A video processing apparatus that processes a video of a moving body captured by a camera is configured to sample frames output from the camera at a predetermined rate, calculate a direction of motion of the moving body based on a sequence of a plurality of the frames, and extract a feature amount of the video by performing convolution processing together on the plurality of the frames based on the calculated direction.

Description

    BACKGROUND OF THE INVENTION 1. Field of the Invention
  • The present invention relates to a video processing apparatus and a video processing method, and more specifically, to video processing suitable for analyzing a mode of action of a moving body in a video.
  • 2. Description of the Related Art
  • Action analysis technology for a moving body in a video is expected to be applied in fields such as surveillance video analysis, healthcare, and life logs. Video information is 3D spatiotemporal information consisting of both 2D spatial information and 1D temporal information, and thus has high complexity.
  • A convolutional neural network, which is well known as an effective technique in a field of still image analysis, is also applied to in-video action analysis. For example, JP 2018-206321 A described below discloses an image processing apparatus that calculates human posture information by applying a 2D convolution operation to a still image of each frame extracted from a video and estimates a human action class based on the information.
  • Further, a two-stream method is known in which respective features are modeled from spatial information of a video and from optical flow information representing a motion change in a temporal direction of an action of a moving body in the video, and ensemble is finally performed on both features (Karen Simonyan, et al., Two-stream convolutional networks for action recognition in videos, Proceedings of the 27th International Conference on Neural Information Processing Systems, 2014).
  • Furthermore, 3D convolution is also proposed in which an image processing system performs convolution processing on a plurality of frames acquired in a time-series manner (Shuiwang Ji, et al., 3D Convolutional Neural Networks for Human Action Recognition, IEEE Transactions on Pattern Analysis and Machine Intelligence, 2013).
  • SUMMARY OF THE INVENTION
  • In the conventional technology according to JP 2018-206321 A, since convolution processing is just applied to still image frames, temporal sequentiality as a characteristic of motion is impaired. Thus, it is not suitable for analyzing a human action class.
  • Meanwhile, the technology of “3D Convolutional Neural Networks for Human Action Recognition”, in which convolution processing is applied to a plurality of frames sampled continuously in the temporal direction, is superior to the technology of “Two-stream convolutional networks for action recognition in videos” in extracting action features of an object.
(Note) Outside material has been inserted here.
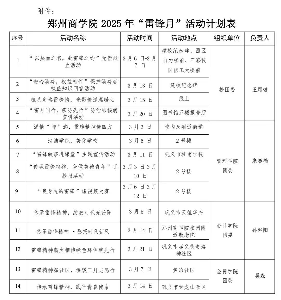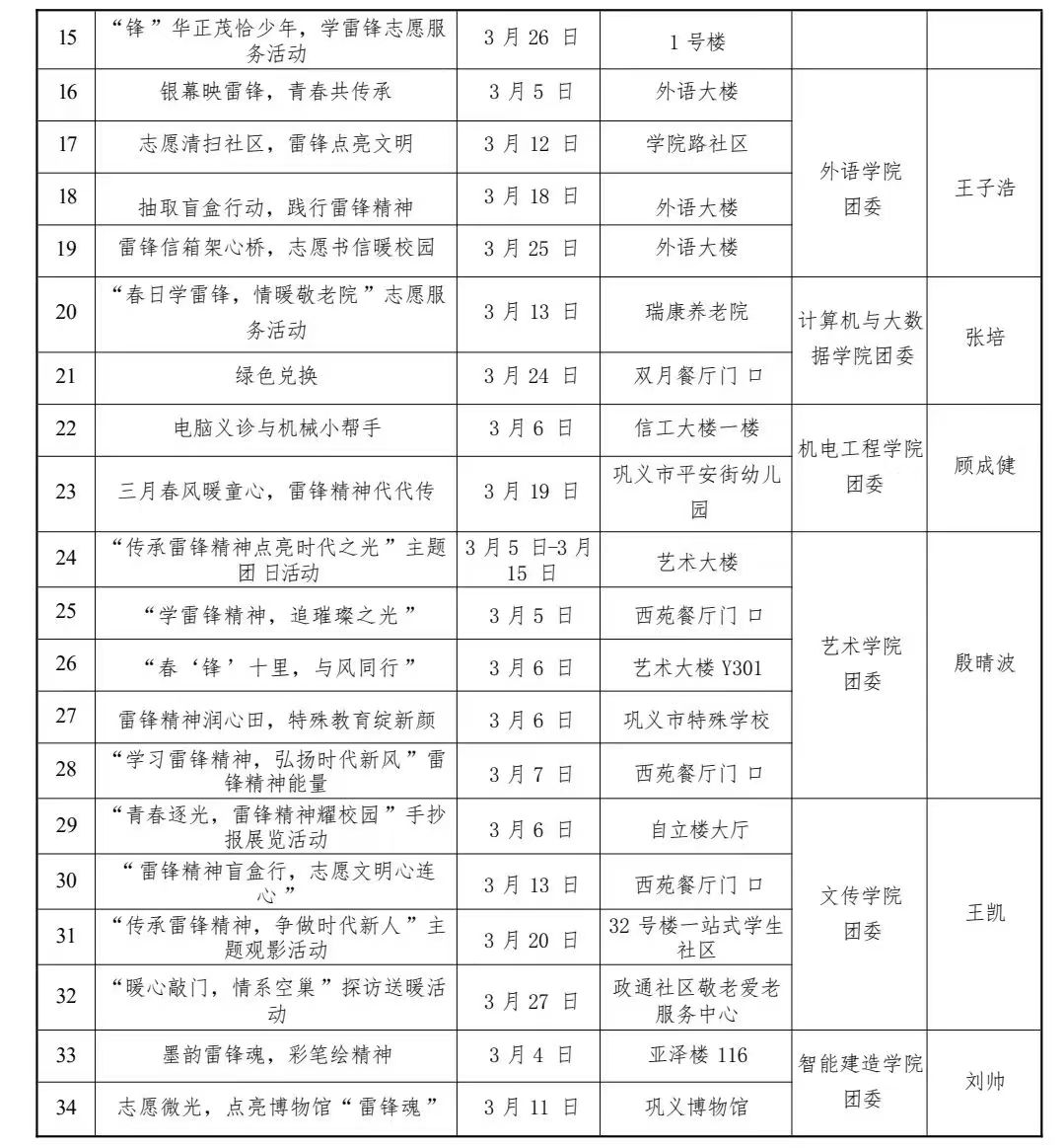 今年3月5日是第62个“学雷锋纪念日”和第26个“中国青年志愿者服务日”。为深入学习宣传贯彻党的二十大精神,贯彻落实习近平总书记对深入开展学雷锋活动的重要指示精神,大力弘扬“奉献、友爱、互助、进步 ”的志愿精神,进一步引导点点官网广大共青团员和青年志愿者积极践行志愿精神和雷锋精神,结合上级相关文件精神要求和学校工作实际,现将在3月份集中开展“学雷锋志愿服务月”系列活动,有关事宜通知如下:

However, convolution is performed on the plurality of frames regardless of motion flow of the moving body, which makes the former technology useless as a means of modeling the spatiotemporal action information.
  • Therefore, an object of the present invention is to provide a video processing technology capable of extracting a feature amount of action of a moving body with high accuracy for a video consisting of spatiotemporal information.
  • In order to achieve the above object, the present invention is a video processing apparatus including a controller configured to process a video of a moving body captured by a camera, and a memory that stores a program, wherein the controller is configured to, by executing the program in the memory, sample frames output from the camera at a predetermined rate, calculate a direction of motion of the moving body based on a sequence of a plurality of the frames, and extract a feature amount of the video by performing convolution processing on the plurality of the frames based on the calculated direction. Further, the present invention is a video processing method executed by the video processing apparatus.
  • According to the present invention, it is possible to extract a feature amount of action of a moving body with high accuracy for a video consisting of spatiotemporal information.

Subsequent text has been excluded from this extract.